- ABOUT THIS TASK
Of all the lines below, return only those starting with the line holding "金沢と高山・白川郷・彦根となばなの里4日間" and going on through the line holding "为进一步规范外聘人员的管理,更好地发挥外", exactly as written.
*-*-*
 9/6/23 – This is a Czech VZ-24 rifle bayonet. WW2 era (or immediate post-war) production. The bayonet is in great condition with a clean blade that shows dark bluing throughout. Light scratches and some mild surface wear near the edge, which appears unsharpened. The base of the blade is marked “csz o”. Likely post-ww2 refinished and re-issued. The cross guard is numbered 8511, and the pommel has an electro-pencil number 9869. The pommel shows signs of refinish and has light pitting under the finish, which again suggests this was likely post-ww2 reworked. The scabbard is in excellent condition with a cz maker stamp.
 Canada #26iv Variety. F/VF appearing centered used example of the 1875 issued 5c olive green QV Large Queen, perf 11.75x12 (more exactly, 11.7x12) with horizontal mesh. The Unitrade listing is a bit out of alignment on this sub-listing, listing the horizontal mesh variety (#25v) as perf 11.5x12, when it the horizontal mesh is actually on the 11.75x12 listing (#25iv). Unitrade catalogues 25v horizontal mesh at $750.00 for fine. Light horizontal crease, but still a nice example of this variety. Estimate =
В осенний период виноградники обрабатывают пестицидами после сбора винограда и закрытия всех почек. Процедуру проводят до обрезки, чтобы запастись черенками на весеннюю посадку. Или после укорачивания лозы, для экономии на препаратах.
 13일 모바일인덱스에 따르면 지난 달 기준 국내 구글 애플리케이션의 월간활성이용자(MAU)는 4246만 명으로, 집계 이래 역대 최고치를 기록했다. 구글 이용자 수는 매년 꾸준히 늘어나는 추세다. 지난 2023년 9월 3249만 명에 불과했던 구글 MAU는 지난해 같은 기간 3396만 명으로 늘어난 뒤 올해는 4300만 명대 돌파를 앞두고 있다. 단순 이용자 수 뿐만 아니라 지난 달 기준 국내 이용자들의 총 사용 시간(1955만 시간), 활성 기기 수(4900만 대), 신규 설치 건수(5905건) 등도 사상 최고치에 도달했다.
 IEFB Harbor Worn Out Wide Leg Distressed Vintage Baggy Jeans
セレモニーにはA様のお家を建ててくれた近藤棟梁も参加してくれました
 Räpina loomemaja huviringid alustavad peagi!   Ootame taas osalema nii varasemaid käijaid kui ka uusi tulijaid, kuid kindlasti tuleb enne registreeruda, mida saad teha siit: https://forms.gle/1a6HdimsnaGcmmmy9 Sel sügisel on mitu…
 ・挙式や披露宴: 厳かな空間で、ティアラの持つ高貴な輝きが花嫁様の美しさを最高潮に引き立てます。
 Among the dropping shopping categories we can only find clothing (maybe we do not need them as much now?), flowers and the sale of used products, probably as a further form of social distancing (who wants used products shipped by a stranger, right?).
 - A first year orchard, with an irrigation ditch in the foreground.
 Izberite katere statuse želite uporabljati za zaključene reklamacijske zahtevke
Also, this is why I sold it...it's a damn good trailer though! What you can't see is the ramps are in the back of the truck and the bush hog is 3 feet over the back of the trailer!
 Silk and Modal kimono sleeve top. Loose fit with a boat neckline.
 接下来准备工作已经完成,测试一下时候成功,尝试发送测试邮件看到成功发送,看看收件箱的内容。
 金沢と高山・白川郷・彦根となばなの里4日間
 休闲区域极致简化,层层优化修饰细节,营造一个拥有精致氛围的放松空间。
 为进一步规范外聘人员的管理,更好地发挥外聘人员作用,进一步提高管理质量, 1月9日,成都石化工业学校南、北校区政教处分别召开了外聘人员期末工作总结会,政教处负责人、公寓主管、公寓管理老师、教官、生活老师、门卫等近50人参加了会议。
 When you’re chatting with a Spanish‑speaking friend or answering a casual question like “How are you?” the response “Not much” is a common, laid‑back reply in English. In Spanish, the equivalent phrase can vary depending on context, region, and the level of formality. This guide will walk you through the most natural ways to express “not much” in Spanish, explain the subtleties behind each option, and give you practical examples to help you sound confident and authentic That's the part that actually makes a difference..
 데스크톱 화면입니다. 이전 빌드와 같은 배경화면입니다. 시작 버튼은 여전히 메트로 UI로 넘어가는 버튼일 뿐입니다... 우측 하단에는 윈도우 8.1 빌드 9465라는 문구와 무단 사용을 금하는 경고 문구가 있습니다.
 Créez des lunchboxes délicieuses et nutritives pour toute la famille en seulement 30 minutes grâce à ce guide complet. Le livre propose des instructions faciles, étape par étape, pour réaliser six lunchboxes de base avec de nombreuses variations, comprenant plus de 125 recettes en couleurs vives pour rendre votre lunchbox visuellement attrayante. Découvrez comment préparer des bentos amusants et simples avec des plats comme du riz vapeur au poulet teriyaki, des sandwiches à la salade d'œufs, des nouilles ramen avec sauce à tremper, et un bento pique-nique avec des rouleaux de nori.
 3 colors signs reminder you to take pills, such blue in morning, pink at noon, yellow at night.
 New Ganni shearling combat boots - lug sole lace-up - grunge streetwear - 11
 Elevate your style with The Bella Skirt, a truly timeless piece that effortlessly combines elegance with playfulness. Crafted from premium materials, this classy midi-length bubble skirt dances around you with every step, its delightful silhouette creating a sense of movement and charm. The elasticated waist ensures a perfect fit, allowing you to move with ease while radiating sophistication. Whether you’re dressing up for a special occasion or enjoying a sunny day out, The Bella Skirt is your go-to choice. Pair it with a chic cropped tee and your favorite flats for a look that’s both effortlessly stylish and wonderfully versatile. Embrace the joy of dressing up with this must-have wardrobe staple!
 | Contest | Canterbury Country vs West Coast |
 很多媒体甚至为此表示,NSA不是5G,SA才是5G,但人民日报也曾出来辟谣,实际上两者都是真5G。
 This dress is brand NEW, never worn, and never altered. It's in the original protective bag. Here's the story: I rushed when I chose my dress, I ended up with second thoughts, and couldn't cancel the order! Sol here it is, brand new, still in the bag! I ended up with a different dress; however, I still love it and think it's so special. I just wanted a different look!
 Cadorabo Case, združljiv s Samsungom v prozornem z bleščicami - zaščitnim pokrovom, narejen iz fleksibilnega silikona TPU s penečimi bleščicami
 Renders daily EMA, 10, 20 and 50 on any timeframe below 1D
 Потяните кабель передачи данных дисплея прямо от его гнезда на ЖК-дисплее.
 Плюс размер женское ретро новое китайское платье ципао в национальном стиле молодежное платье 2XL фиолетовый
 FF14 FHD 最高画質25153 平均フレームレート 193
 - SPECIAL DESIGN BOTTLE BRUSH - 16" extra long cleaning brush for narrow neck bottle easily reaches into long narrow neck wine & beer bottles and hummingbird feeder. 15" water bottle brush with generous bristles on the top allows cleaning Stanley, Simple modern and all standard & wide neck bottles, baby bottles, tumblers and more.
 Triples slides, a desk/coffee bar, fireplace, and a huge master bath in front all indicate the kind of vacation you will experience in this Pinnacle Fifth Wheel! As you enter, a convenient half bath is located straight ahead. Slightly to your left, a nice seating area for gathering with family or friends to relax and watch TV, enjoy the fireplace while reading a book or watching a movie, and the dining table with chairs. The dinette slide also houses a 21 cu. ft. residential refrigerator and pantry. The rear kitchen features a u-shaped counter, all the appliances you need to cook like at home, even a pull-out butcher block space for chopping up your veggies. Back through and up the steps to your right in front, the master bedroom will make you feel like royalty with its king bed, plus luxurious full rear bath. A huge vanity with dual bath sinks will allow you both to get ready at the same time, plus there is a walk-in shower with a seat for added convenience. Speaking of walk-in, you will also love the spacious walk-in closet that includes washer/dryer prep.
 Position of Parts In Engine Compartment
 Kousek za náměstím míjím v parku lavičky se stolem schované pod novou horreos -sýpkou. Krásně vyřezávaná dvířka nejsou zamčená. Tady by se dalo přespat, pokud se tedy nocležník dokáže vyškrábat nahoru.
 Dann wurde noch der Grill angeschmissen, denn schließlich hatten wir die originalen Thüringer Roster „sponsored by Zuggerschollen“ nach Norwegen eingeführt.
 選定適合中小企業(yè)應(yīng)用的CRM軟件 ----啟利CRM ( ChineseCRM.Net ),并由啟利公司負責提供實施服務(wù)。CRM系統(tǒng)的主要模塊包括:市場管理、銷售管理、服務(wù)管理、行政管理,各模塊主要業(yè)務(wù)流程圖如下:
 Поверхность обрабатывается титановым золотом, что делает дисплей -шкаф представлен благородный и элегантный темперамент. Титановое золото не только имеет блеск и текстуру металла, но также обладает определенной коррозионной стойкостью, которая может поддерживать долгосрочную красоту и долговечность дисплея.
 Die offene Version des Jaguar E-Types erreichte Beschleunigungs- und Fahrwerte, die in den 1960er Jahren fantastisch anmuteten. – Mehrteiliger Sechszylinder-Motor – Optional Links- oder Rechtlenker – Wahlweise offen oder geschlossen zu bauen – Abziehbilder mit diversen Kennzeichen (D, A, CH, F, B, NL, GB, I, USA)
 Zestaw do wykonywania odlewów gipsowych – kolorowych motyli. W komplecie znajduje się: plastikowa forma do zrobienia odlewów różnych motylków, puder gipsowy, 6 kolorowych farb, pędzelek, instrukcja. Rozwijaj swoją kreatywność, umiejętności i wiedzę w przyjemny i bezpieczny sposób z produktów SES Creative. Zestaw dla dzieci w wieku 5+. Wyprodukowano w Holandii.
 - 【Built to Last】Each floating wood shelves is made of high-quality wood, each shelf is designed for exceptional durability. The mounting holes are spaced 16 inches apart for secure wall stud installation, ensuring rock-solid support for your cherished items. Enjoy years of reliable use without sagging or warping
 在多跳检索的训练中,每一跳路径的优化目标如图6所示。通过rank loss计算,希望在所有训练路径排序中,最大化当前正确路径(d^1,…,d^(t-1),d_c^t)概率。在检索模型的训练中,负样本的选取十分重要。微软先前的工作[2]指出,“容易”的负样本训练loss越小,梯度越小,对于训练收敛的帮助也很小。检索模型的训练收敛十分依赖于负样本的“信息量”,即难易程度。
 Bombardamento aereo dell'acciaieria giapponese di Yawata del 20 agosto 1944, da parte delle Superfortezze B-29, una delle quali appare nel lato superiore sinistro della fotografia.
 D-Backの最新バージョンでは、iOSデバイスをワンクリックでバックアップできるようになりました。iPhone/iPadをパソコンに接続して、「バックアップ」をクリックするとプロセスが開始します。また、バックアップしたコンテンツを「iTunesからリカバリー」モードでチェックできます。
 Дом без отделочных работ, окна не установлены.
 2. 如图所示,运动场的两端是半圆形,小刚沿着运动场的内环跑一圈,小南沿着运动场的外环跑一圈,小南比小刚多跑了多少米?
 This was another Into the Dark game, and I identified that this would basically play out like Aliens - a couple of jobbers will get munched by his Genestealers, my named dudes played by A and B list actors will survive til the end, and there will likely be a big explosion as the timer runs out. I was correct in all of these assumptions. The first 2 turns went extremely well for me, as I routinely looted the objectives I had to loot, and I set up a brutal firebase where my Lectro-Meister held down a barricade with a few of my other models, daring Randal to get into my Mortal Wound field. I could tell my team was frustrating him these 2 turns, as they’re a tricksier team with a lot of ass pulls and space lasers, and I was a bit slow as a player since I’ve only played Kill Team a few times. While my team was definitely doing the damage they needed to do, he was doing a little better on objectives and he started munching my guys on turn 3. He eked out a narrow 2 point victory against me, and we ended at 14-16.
*-*-*
- SOLVED PROBLEM
 金沢と高山・白川郷・彦根となばなの里4日間
 休闲区域极致简化,层层优化修饰细节,营造一个拥有精致氛围的放松空间。
 为进一步规范外聘人员的管理,更好地发挥外聘人员作用,进一步提高管理质量, 1月9日,成都石化工业学校南、北校区政教处分别召开了外聘人员期末工作总结会,政教处负责人、公寓主管、公寓管理老师、教官、生活老师、门卫等近50人参加了会议。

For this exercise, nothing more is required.